ASSIGNMENT
Range to copy from the entries below: the line containing "Самолет МиГ-23 — символ г. Луховицы. С. 45" through the line containing "La nave se cubre", inclusive. Retype only those lines, exactly, without any images.

[Dataset entries]
============
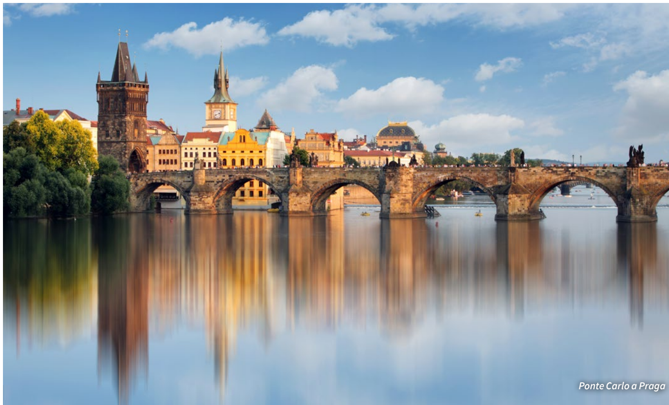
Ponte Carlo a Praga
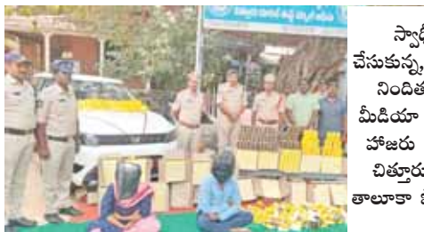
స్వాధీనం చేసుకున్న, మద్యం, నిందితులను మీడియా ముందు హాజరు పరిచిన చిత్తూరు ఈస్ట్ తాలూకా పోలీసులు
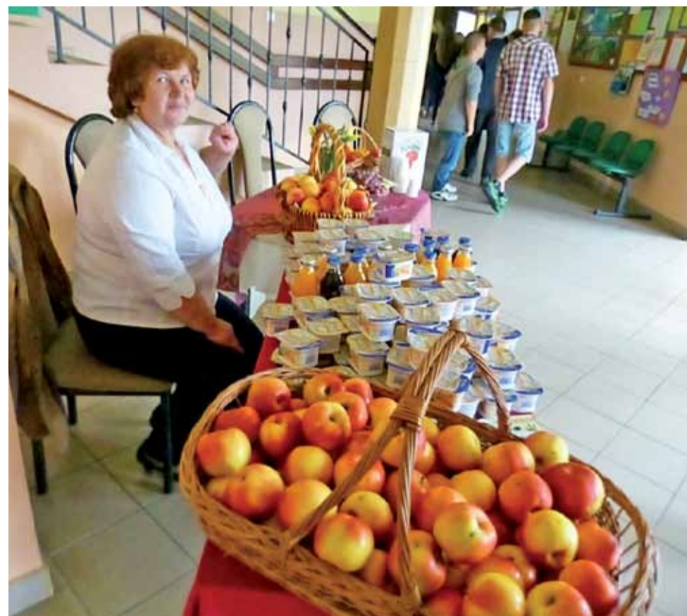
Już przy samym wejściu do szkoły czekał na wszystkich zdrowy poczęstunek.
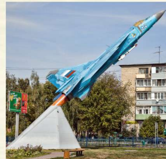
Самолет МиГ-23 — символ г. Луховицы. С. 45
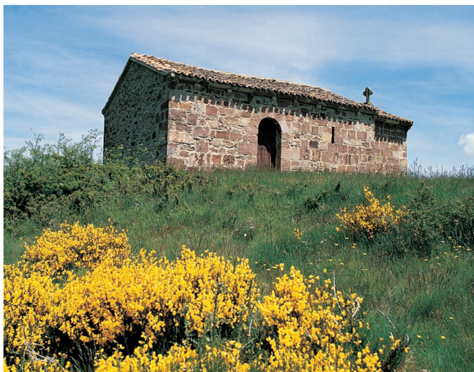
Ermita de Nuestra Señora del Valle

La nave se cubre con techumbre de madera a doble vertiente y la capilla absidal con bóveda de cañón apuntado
============
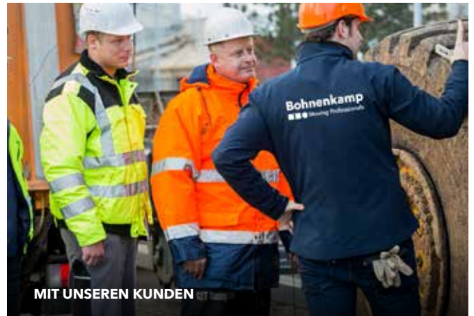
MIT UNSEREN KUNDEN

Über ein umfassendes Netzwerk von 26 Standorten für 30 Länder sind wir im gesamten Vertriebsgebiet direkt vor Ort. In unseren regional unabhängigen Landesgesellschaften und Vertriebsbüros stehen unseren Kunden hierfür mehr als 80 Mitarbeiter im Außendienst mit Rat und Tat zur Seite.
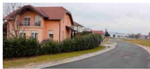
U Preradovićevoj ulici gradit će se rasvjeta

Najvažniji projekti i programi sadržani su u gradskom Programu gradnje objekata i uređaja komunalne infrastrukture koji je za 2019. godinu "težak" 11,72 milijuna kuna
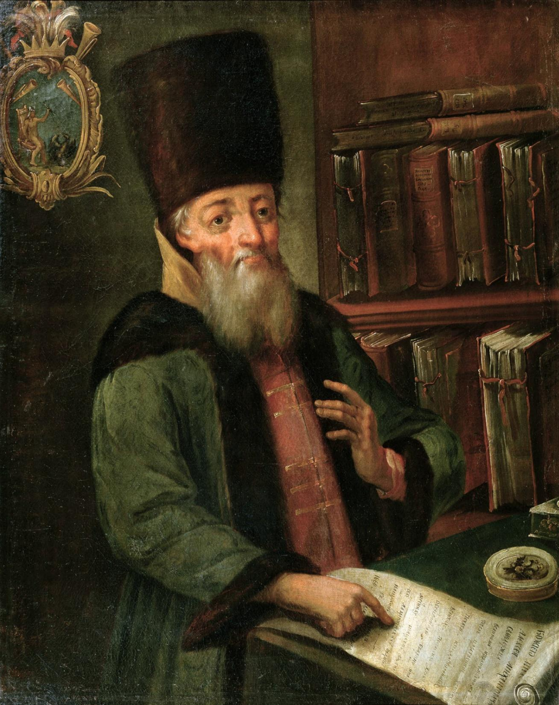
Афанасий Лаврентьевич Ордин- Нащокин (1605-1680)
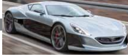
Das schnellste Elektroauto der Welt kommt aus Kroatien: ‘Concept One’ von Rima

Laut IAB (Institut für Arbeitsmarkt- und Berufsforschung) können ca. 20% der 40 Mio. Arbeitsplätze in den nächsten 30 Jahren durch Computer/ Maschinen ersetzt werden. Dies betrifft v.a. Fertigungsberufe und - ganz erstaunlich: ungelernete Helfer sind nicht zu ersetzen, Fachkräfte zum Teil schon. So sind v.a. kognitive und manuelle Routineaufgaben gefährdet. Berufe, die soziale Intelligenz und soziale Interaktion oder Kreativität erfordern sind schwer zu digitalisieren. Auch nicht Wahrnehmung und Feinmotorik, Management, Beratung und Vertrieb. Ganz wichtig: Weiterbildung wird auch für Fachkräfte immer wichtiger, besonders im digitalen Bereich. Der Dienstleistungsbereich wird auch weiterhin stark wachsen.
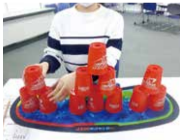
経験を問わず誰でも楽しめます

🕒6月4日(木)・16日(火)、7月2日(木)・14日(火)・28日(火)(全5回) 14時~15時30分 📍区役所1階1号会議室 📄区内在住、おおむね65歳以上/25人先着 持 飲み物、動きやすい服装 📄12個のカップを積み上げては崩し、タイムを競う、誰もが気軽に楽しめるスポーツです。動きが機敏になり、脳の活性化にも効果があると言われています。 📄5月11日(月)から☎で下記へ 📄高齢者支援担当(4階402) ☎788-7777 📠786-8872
============
WRITTEN RESPONSE
Самолет МиГ-23 — символ г. Луховицы. С. 45
Ermita de Nuestra Señora del Valle

La nave se cubre con techumbre de madera a doble vertiente y la capilla absidal con bóveda de cañón apuntado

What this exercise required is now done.